*What you will do:* A faithful, word-for-word copy of the data below is required, without pictures.
○ ○ ○ ○
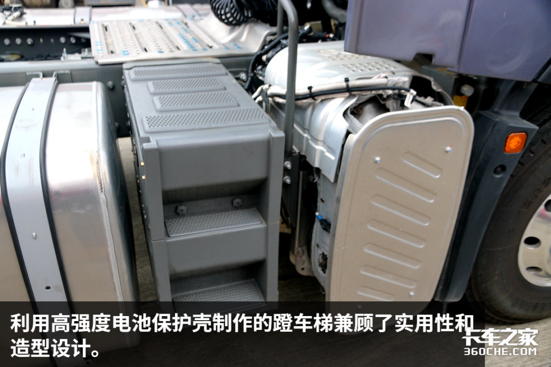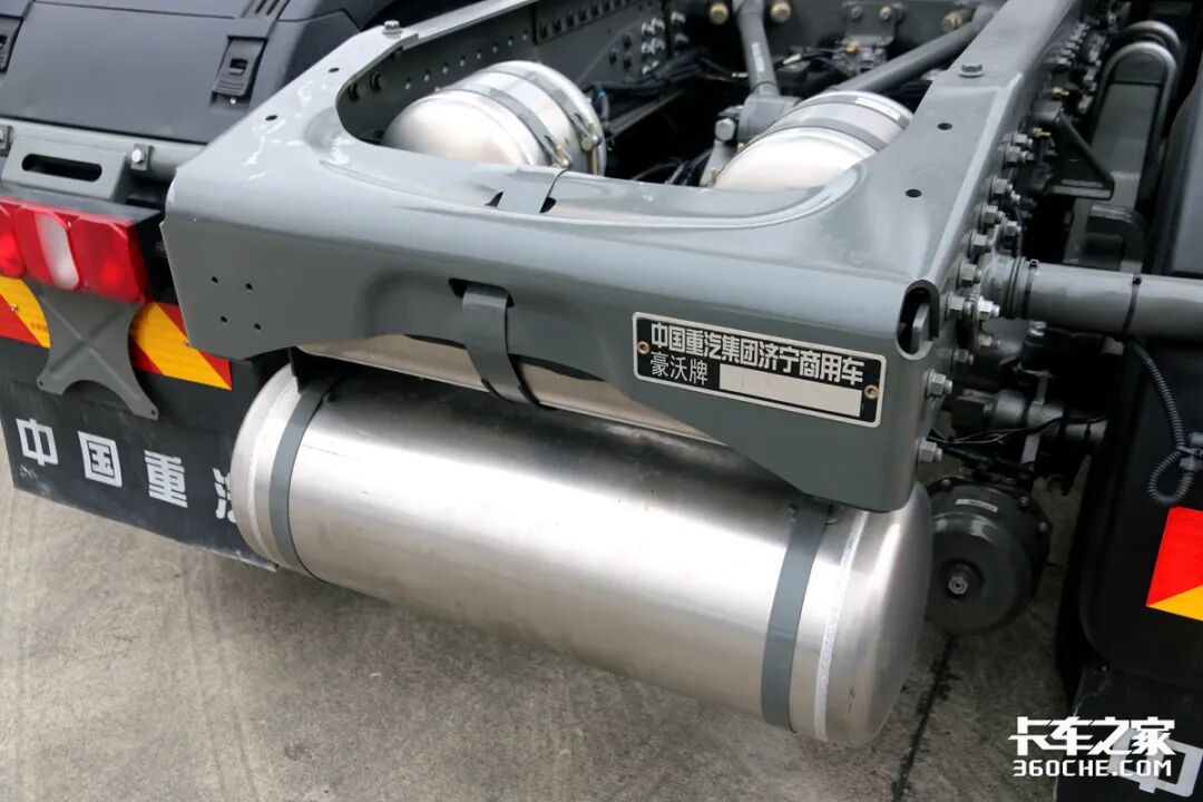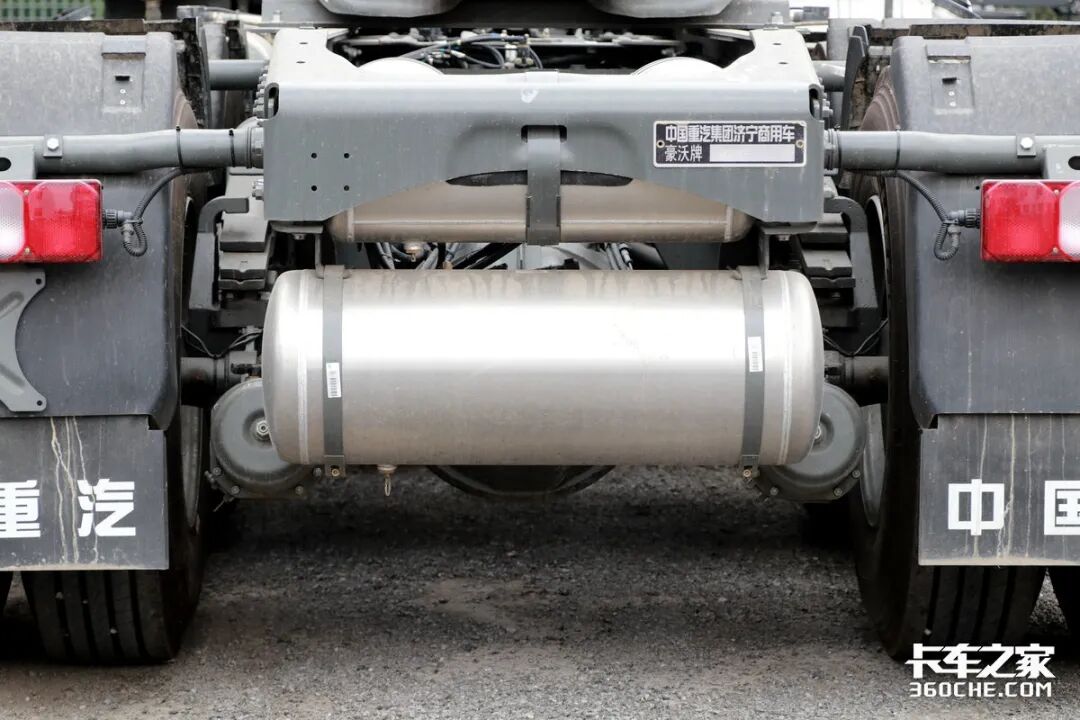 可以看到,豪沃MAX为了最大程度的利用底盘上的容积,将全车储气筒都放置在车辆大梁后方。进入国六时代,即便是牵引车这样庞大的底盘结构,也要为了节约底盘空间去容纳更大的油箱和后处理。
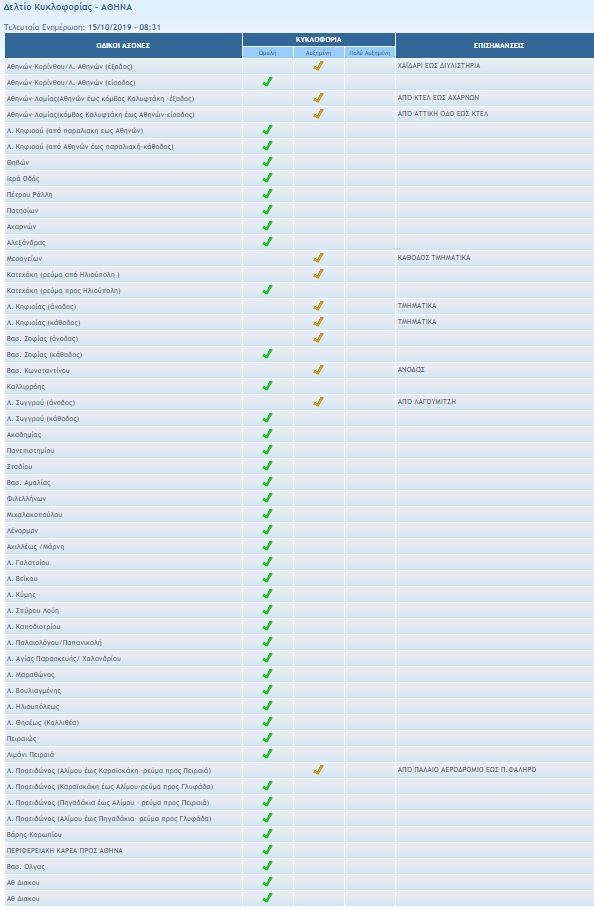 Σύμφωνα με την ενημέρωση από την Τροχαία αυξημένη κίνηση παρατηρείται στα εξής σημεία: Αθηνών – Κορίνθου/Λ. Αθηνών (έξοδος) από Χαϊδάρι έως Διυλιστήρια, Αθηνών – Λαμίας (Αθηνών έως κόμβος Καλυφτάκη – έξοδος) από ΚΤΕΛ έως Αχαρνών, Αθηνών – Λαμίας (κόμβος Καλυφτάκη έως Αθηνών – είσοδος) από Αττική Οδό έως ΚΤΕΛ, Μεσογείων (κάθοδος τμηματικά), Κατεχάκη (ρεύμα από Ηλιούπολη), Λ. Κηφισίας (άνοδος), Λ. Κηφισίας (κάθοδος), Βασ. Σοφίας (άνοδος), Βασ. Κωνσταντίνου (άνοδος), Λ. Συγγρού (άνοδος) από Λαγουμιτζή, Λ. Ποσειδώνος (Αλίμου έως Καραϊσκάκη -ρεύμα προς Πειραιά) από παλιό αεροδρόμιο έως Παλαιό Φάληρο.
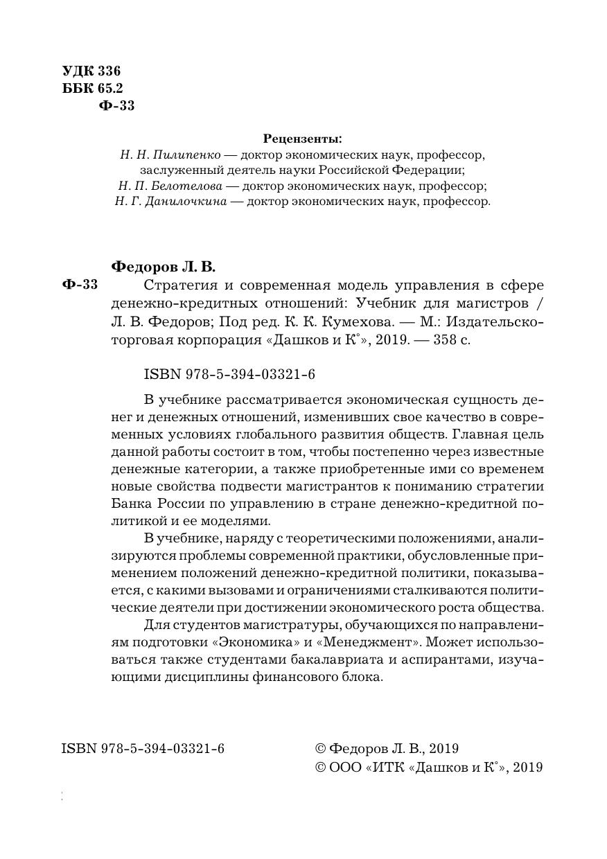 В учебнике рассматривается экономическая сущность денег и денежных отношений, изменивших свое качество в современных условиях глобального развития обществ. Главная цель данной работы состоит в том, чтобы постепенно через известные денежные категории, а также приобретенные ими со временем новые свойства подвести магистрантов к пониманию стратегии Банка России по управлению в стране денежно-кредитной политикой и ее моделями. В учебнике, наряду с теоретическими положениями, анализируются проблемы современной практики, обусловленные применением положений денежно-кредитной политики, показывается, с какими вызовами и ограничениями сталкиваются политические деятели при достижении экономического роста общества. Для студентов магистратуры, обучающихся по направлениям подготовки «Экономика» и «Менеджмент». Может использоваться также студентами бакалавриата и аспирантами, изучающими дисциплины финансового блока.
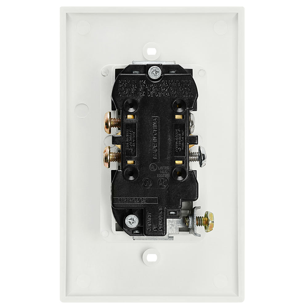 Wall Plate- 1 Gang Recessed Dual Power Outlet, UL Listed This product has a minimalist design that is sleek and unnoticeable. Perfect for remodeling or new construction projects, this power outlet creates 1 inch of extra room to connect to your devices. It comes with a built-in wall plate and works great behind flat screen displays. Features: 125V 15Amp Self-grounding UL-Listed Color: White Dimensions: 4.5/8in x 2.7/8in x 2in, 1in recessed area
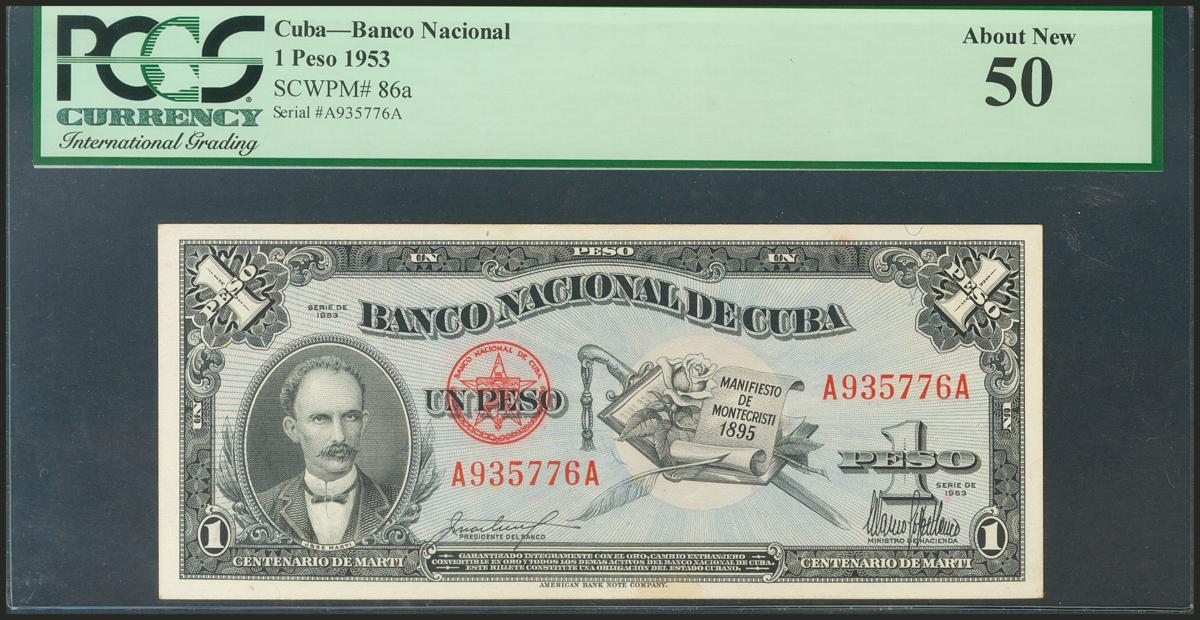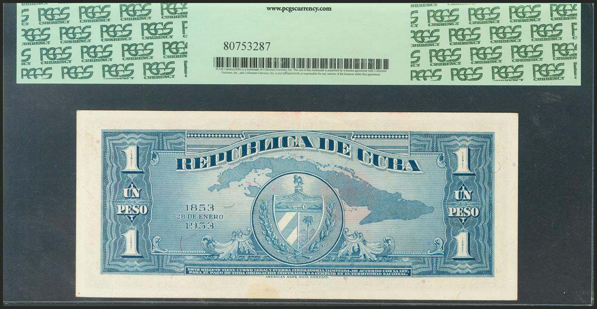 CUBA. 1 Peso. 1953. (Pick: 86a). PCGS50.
○ ○ ○ ○
*Answer section:*
 可以看到,豪沃MAX为了最大程度的利用底盘上的容积,将全车储气筒都放置在车辆大梁后方。进入国六时代,即便是牵引车这样庞大的底盘结构,也要为了节约底盘空间去容纳更大的油箱和后处理。
 Σύμφωνα με την ενημέρωση από την Τροχαία αυξημένη κίνηση παρατηρείται στα εξής σημεία: Αθηνών – Κορίνθου/Λ. Αθηνών (έξοδος) από Χαϊδάρι έως Διυλιστήρια, Αθηνών – Λαμίας (Αθηνών έως κόμβος Καλυφτάκη – έξοδος) από ΚΤΕΛ έως Αχαρνών, Αθηνών – Λαμίας (κόμβος Καλυφτάκη έως Αθηνών – είσοδος) από Αττική Οδό έως ΚΤΕΛ, Μεσογείων (κάθοδος τμηματικά), Κατεχάκη (ρεύμα από Ηλιούπολη), Λ. Κηφισίας (άνοδος), Λ. Κηφισίας (κάθοδος), Βασ. Σοφίας (άνοδος), Βασ. Κωνσταντίνου (άνοδος), Λ. Συγγρού (άνοδος) από Λαγουμιτζή, Λ. Ποσειδώνος (Αλίμου έως Καραϊσκάκη -ρεύμα προς Πειραιά) από παλιό αεροδρόμιο έως Παλαιό Φάληρο.
 В учебнике рассматривается экономическая сущность денег и денежных отношений, изменивших свое качество в современных условиях глобального развития обществ. Главная цель данной работы состоит в том, чтобы постепенно через известные денежные категории, а также приобретенные ими со временем новые свойства подвести магистрантов к пониманию стратегии Банка России по управлению в стране денежно-кредитной политикой и ее моделями. В учебнике, наряду с теоретическими положениями, анализируются проблемы современной практики, обусловленные применением положений денежно-кредитной политики, показывается, с какими вызовами и ограничениями сталкиваются политические деятели при достижении экономического роста общества. Для студентов магистратуры, обучающихся по направлениям подготовки «Экономика» и «Менеджмент». Может использоваться также студентами бакалавриата и аспирантами, изучающими дисциплины финансового блока.
 Wall Plate- 1 Gang Recessed Dual Power Outlet, UL Listed This product has a minimalist design that is sleek and unnoticeable. Perfect for remodeling or new construction projects, this power outlet creates 1 inch of extra room to connect to your devices. It comes with a built-in wall plate and works great behind flat screen displays. Features: 125V 15Amp Self-grounding UL-Listed Color: White Dimensions: 4.5/8in x 2.7/8in x 2in, 1in recessed area
 CUBA. 1 Peso. 1953. (Pick: 86a). PCGS50.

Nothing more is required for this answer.